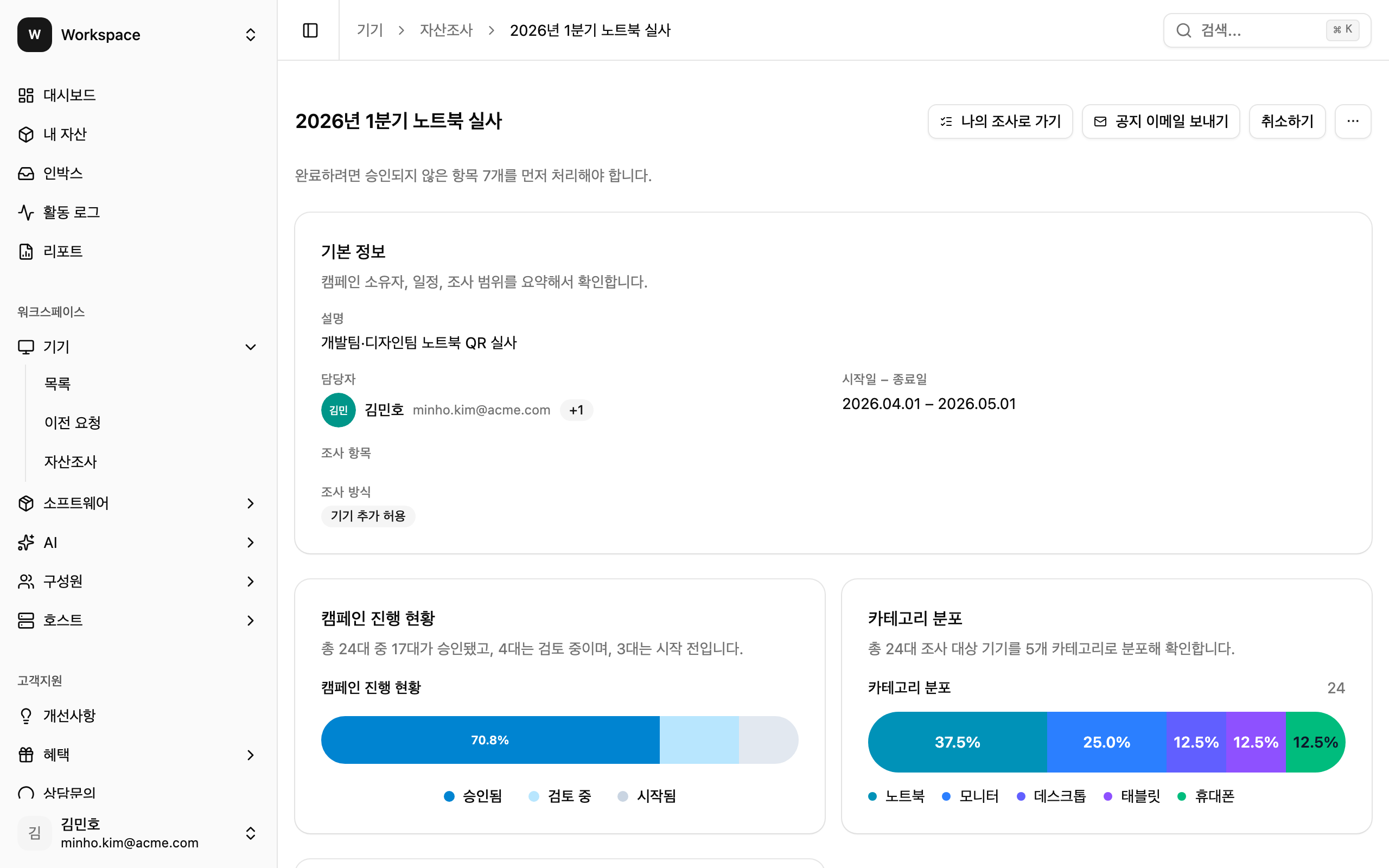 - 자산조사 부담 감소: QR 기반 캠페인으로 실물 확인과 시스템 업데이트를 동시에 처리합니다.
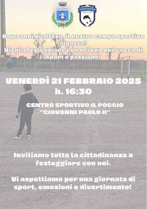 Dopo un lungo periodo di chiusura, il campo sportivo comunale in località “Il Poggio” riapre ufficialmente le porte. L’inaugurazione, prevista per venerdì 21 febbraio alle ore 16.30, segna un momento importante per la comunità e per tutti gli appassionati di sport.
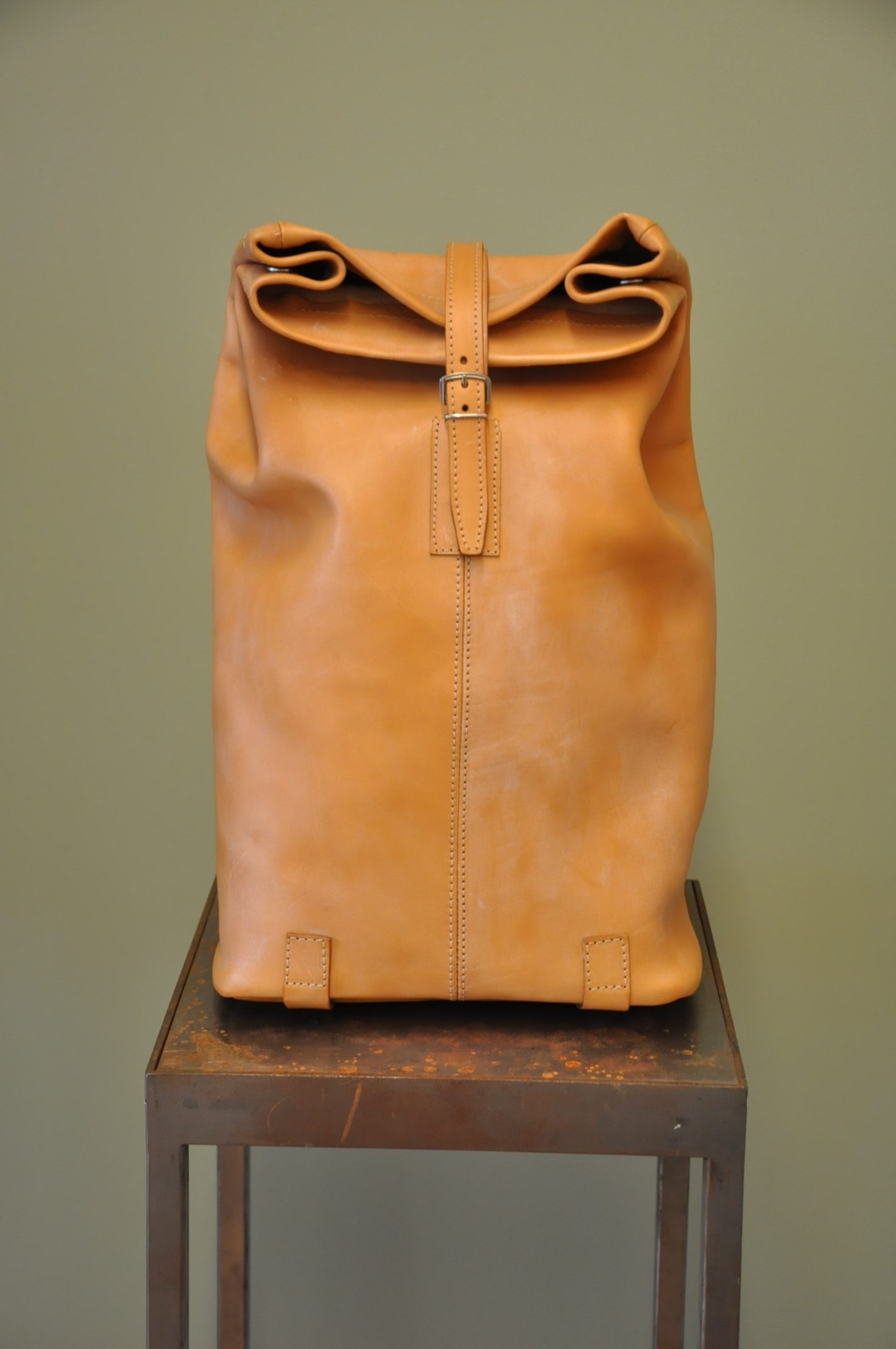 Der Rucksack aus hochwertigem Rindsleder besticht wegen seines schlichten Formats. Die Riementräger aus Leinen sind der gewollte Kontrast zum pflanzlich gegerbten Lederrucksack. Der Träger, als einziges von der Front sichtbares Element, lässt auf den ersten Blick nicht erahnen, was folgt.

Your objective
Every line of the data above should be quoted exactly. Omit the pictures.

Written answer
 - 자산조사 부담 감소: QR 기반 캠페인으로 실물 확인과 시스템 업데이트를 동시에 처리합니다.
 Dopo un lungo periodo di chiusura, il campo sportivo comunale in località “Il Poggio” riapre ufficialmente le porte. L’inaugurazione, prevista per venerdì 21 febbraio alle ore 16.30, segna un momento importante per la comunità e per tutti gli appassionati di sport.
 Der Rucksack aus hochwertigem Rindsleder besticht wegen seines schlichten Formats. Die Riementräger aus Leinen sind der gewollte Kontrast zum pflanzlich gegerbten Lederrucksack. Der Träger, als einziges von der Front sichtbares Element, lässt auf den ersten Blick nicht erahnen, was folgt.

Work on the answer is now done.